TRY IT –
Find the line with "McCavour’s site-specific installation" in the entries below, then output every line from it down to the line with "Plain ceiling with", exactly and with no pictures.

### EXTRACTED DATA

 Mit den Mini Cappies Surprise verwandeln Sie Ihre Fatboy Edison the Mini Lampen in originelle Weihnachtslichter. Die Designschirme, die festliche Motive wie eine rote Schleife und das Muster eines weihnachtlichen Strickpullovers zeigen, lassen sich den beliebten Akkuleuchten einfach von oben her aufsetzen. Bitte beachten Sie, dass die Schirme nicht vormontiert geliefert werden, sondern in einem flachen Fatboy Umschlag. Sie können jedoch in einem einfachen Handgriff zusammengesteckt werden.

######
### EXTRACTED DATA

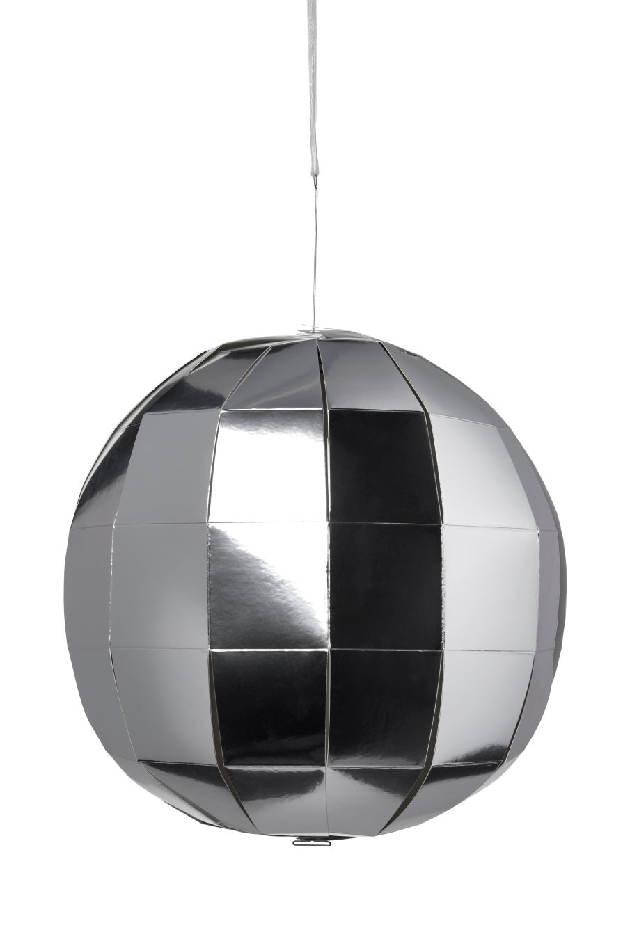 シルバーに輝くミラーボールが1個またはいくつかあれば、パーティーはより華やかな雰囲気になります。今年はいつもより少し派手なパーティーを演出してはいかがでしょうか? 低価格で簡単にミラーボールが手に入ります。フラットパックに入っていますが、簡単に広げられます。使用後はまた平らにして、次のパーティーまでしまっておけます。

######
### EXTRACTED DATA

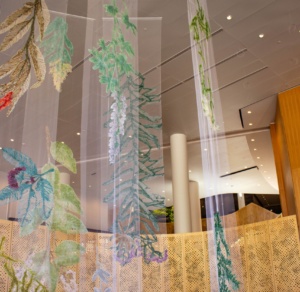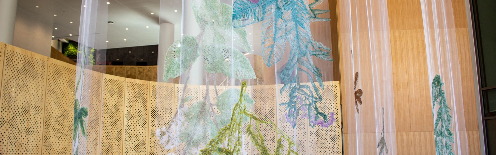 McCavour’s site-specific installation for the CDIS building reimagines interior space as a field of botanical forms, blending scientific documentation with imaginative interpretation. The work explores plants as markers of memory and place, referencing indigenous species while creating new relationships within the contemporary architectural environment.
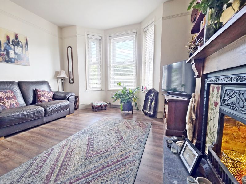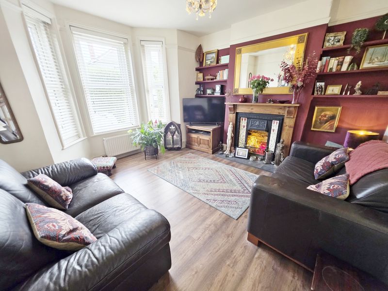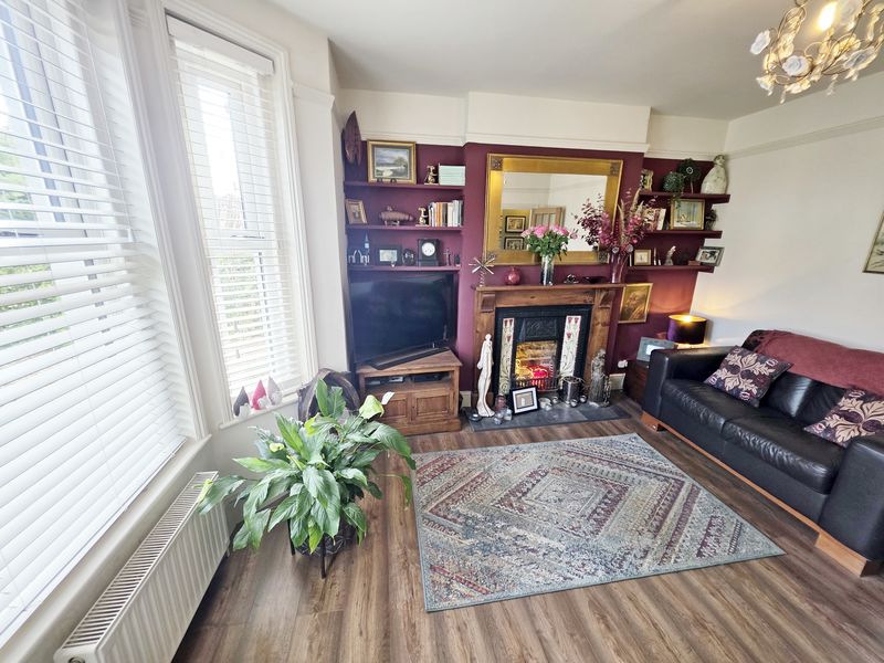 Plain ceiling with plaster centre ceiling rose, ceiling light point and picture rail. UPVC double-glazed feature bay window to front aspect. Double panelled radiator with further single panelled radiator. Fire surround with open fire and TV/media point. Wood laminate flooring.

######

TASK RESULT –
 McCavour’s site-specific installation for the CDIS building reimagines interior space as a field of botanical forms, blending scientific documentation with imaginative interpretation. The work explores plants as markers of memory and place, referencing indigenous species while creating new relationships within the contemporary architectural environment.
 Plain ceiling with plaster centre ceiling rose, ceiling light point and picture rail. UPVC double-glazed feature bay window to front aspect. Double panelled radiator with further single panelled radiator. Fire surround with open fire and TV/media point. Wood laminate flooring.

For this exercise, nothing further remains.